During the dictatorship of Franco (1939–1975), not only democratic freedoms were suppressed, but also the Catalan language, which was excluded from the education system and relegated to the family sphere. Castillian (Spanish) became the only language of education, administration and the media.

Rafael Aracil, Joan Oliver and Antoni Segura considered that until 1951, the persecution of the language was "total". In some places students had to denounce fellow students who spoke Catalan. During this period, the Catalan language was also prohibited on tombstones.

With the defeat of Nazi Germany in 1945, the regime changed their image, which allowed the Orfeó Català to put on Catalan productions, and the publication of Catalan books, though only classic works; works aimed at young people were prohibited to limit the learning of the written language. Among these authors were those who returned from exile in 1942–1943. Their works include a Catalan translation of the Odyssey (1948) by Carles Riba, and research conducted by teacher Alexandre Galí with Història de les Institucions 1900–1936 (History of Institutions), which even today are reference works.

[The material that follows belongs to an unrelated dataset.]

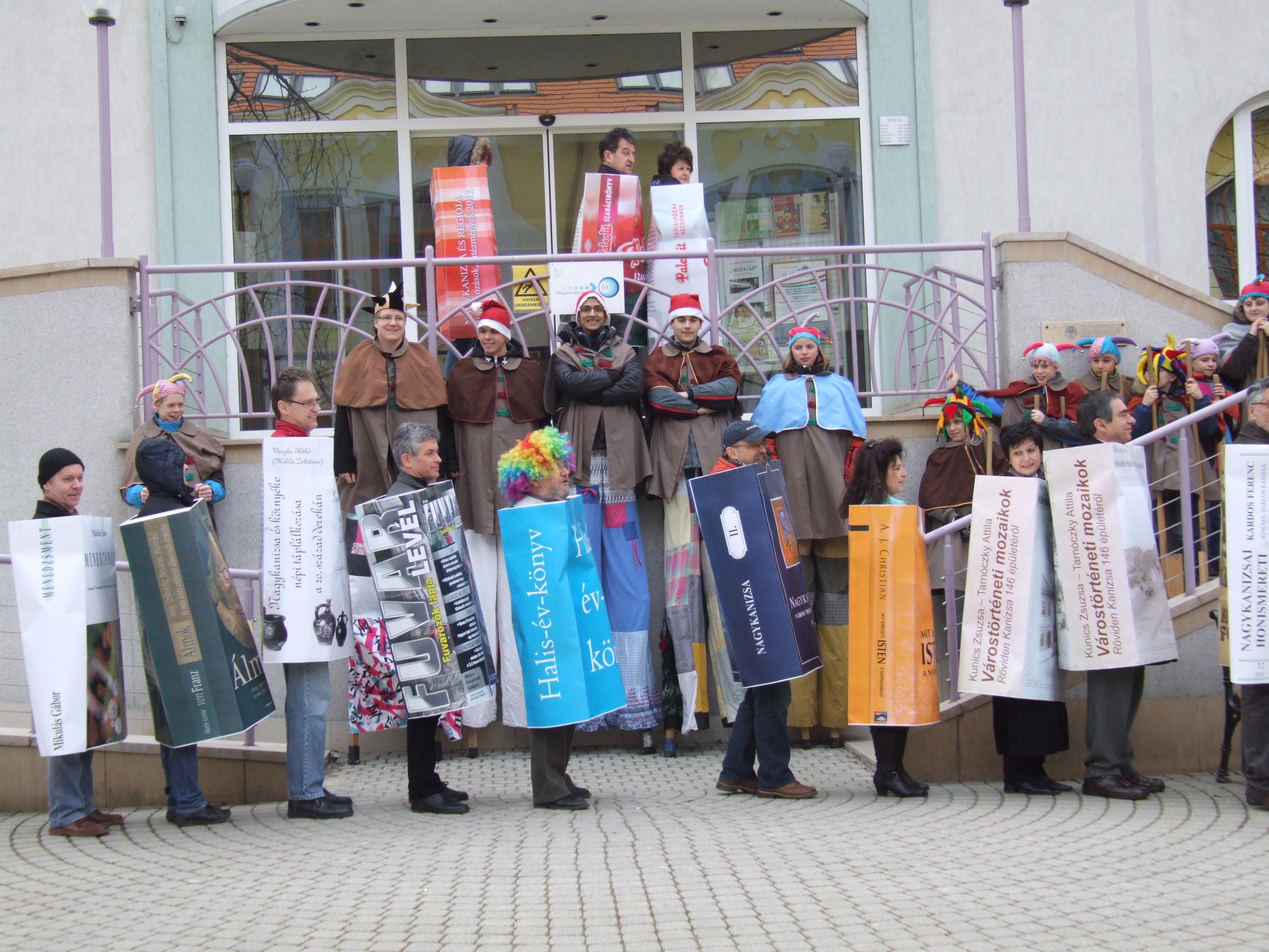 Nyilvános 1526 | 3170 | 2013. február 9. A farsangi fánkfesztiválra készülve felhívásban kértük olvasóinkat, hogy öltsék magukra kedves könyvüket. Egy „könyvespolcnyi” jelentkező vette magára kedves olvasmányát, az ő vonulásukról készültek ezek a képek. A környezetükben néhol láthatók a Nagykanizsai Gólyalábasok, akik szintén a könyvtárhoz kötődnek. A „felvonuló kötetek” a könyvtár épületében még megtekinthetők. | |

Later on, opening of the regime allowed a small change in the marginalization of the language, such as the broadcast in 1964 of the first Catalan television program on TVE (Teatre català), the Nova Cançó (New Song) (1961) movement, and the creation in 1971 of the Assembly of Catalonia, in which anti-Francoist forces were clustered, all maintained the use of Catalan, though there were limits such as the ban on Joan Manuel Serrat singing in Catalan at the Eurovision Song Contest in 1968. In 1970, Franco's education law opened the door to the use of different languages in primary education, with another decree following in 1975. Also in 1975, near Franco's death, another decree allowed the use of other native Spanish languages in councils.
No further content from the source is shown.